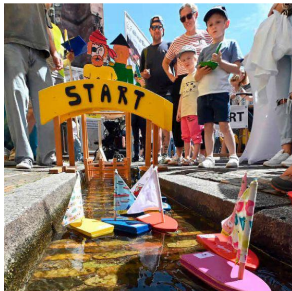
11. Freiburger-Bächleboot-Rennen

Im Anschluss ging es mit dem Menü dann richtig los. Das Hauptmenü wurde angeboten und wartete darauf, erobert zu werden. Ein nicht enden wollendes Nachspeisen-Bufferet war der krönende Abschluss.
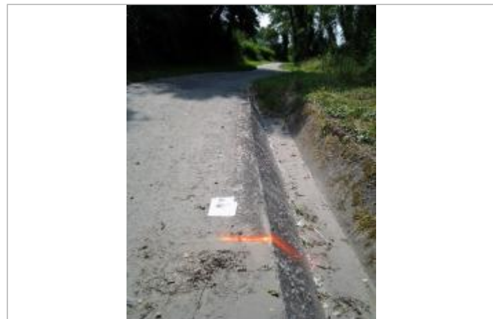
Vue du repère (le trait orange représente la limite de l'inondation)

GÉNÉRAL Code : WEB_R_202203161416 Date de mise à jour : 24/06/2026 Auteur : SMBGP
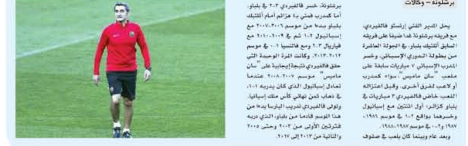
برشلونة - وكالات

برشلونة، خسر فالفيدي ٦-٣ في يناير، أما كعرب فحتى دا عزائم أمام ألتيك بخلاف موسم ٢٠١٦-٢٠١٥ مع إسبانيول ١-٠ ثم في ٢٠١٥-٢٠١٤ مع فالفيدي ١-٠ ومع فالفيدي ١-٠ في موسم ٢٠١٣-٢٠١٢. وكانت المرة الوحيدة التي حقق فيها فوزا (٣) في سان ماهيس "سان ماهيس" موسم ٢٠١٠-٢٠٠٩ عندما تمكن إسبانيول الذي كان يترديه ١-٠، في ذهاب حين تهاوى كان ملك إسبانيا. وكون فالفيدي ففريد البارسا بعد ١٥ من هذا الموسم قادما من بيلار، الذي مره ٢٠١٣ في الأول من ٢٠١٣ وحتى ٢٠١٥ والثانية من ٢٠١٣ إلى ٢٠١٧.
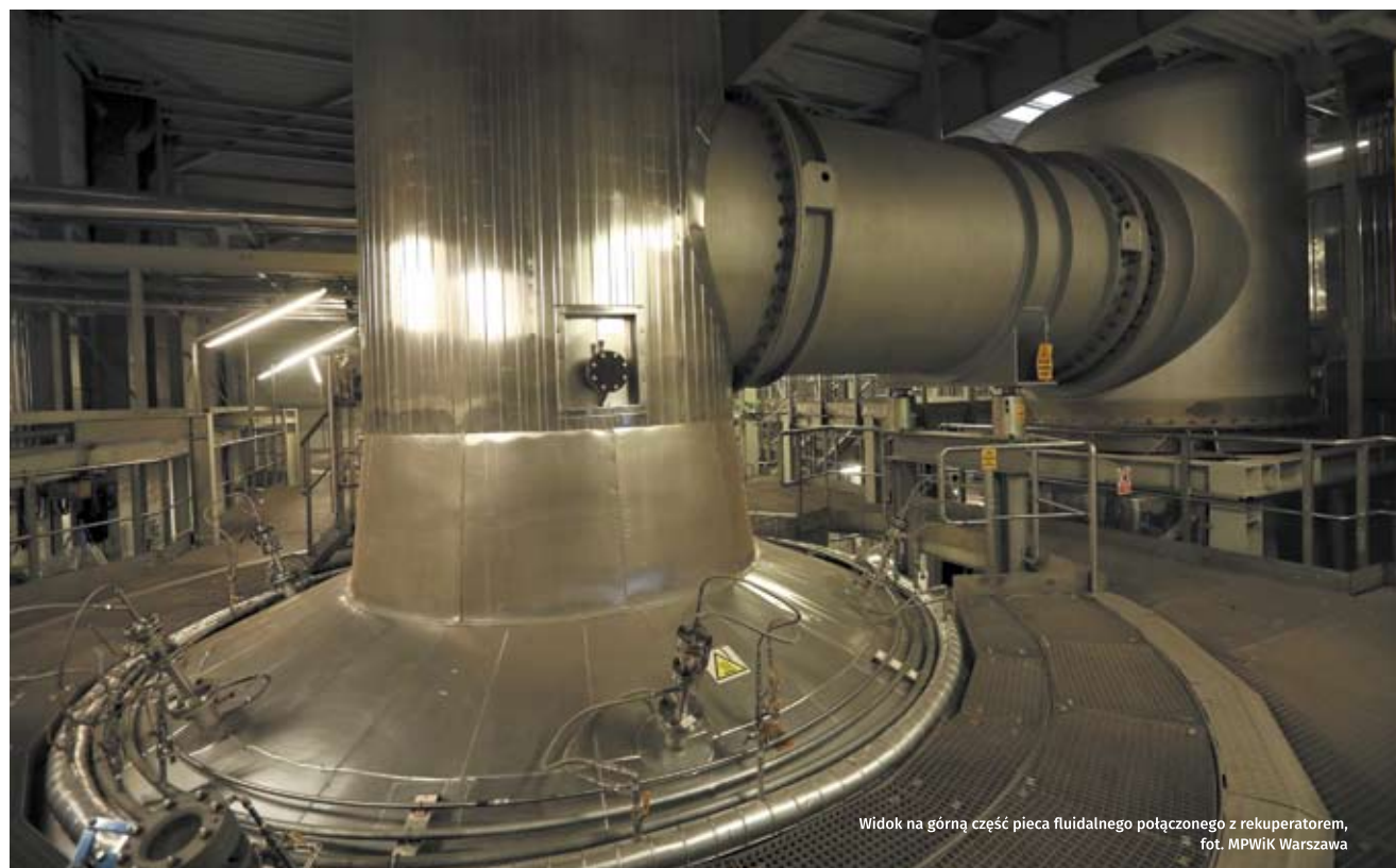
Widok na górną część pieca fluidalnego połączonego z rekuperatorem

Finalnie wszystkie prace wykonawca powinien zakończyć w III kwartale 2021 r.
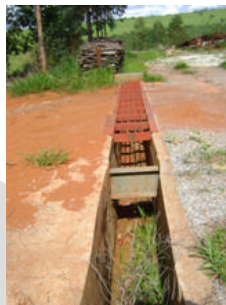
Canaletas de drenagem pluvial – Atendimento a DN 49
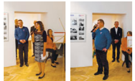
Vernisáž výstavy Svitavské osmy. Virtuální procházka dějinami města po rocích, které končily osmičkou a sehrály v dějinách města nějakou roli.
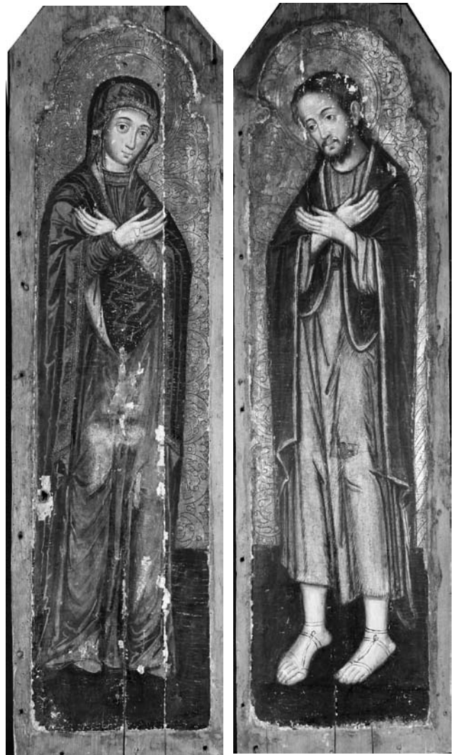
Іл. 7. Ікони Богородиці та св. Івана Хрестителя. Кінець XVII ст. З чину Моління іконостасу церкви св. Миколая (?) у Войнилові. НМЛ

З церкви св. Миколая у Войнилові походить ікона св. Миколая (НМЛ і-1013) (іл. 6). Про це свідчить напис на її звороті: «Войнилѡв / I / зъ / церкви С. / Николая». Очевидно, це була намісна храмова ікона в іконостасі цієї церкви. До цього намісного ярусу відносимо також ікону Христа Пантократора, яка ще потребує комплексної реставрації (НМЛ і-2666) та ікону Благовіщення Богородиці (НМЛ і-2561) (іл. 6). Ці ікони мають подібну до ікони св. Миколая манеру малярства, обрамлення та розмір тому, припускаємо, вони виконані одним автором. Трактування ликів на іконі Благовіщення має виразно барокові риси, то ж цю групу ікон відно-
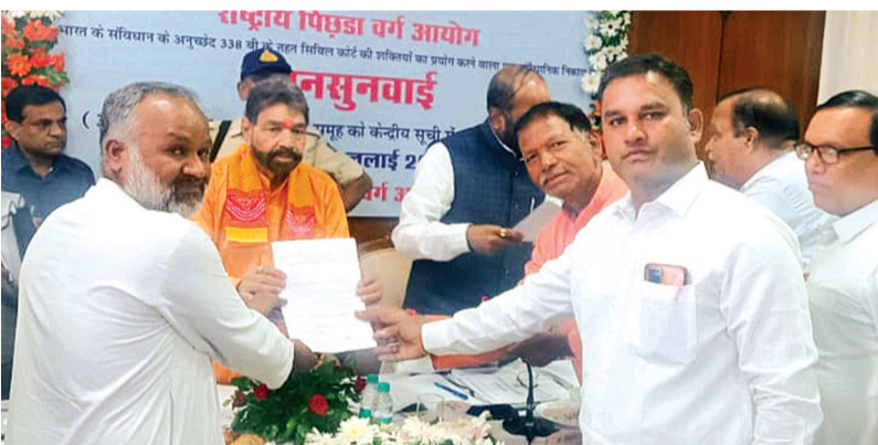
जिसमें फूलमाली समाज को केंद्र सरकार की सूची में शामिल हो जाएगा
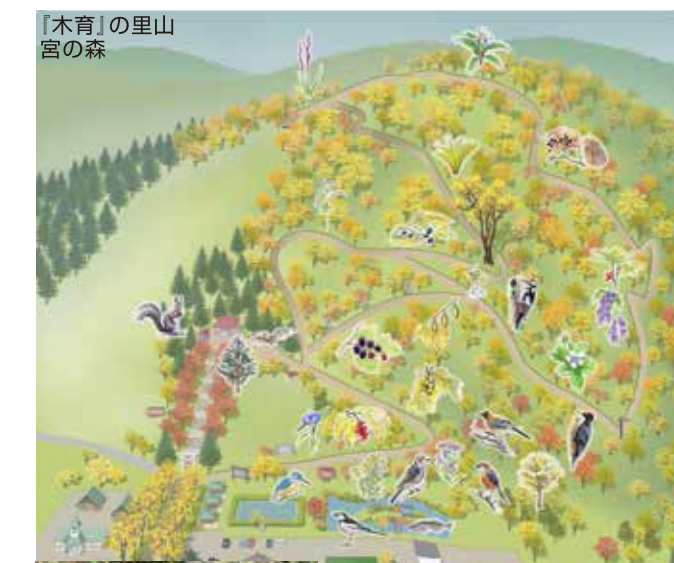
「木育」の里山 宮の森
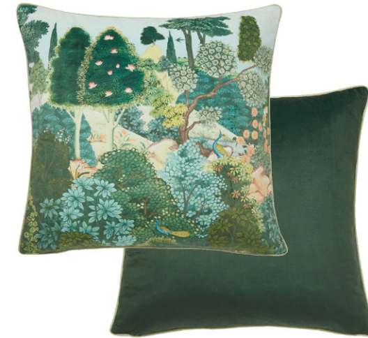
KUSSEN New Eden grahambrown.com
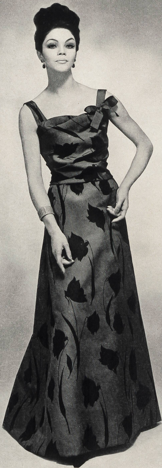
CHRISTIAN DIOR (Boutique) Sablé chiné imprimé pure soie de Rudolf Brauchbar & Cie S.A., Zurich
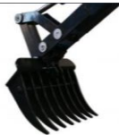
Klaue/Rechen 20.) 315.--
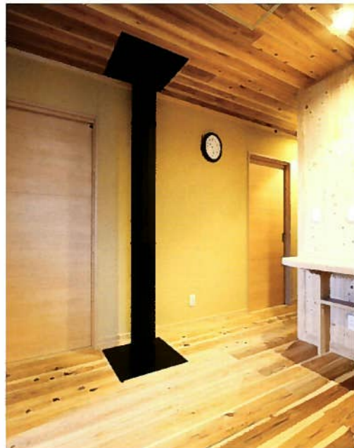
2階廊下部分にも、質感豊かなシラス壁を塗った。床と天井には無垢の木材を用いているために、爽やかな木の香りに満ちている。1階の暖炉から続く煙突は壁根まで延びていて、暖房時にはほんやりと暖かさが伝わってくる空間に仕上がった

————————

Looking at the listing above, count each line that contains the word "Войнилові" and write the number with nothing else.

2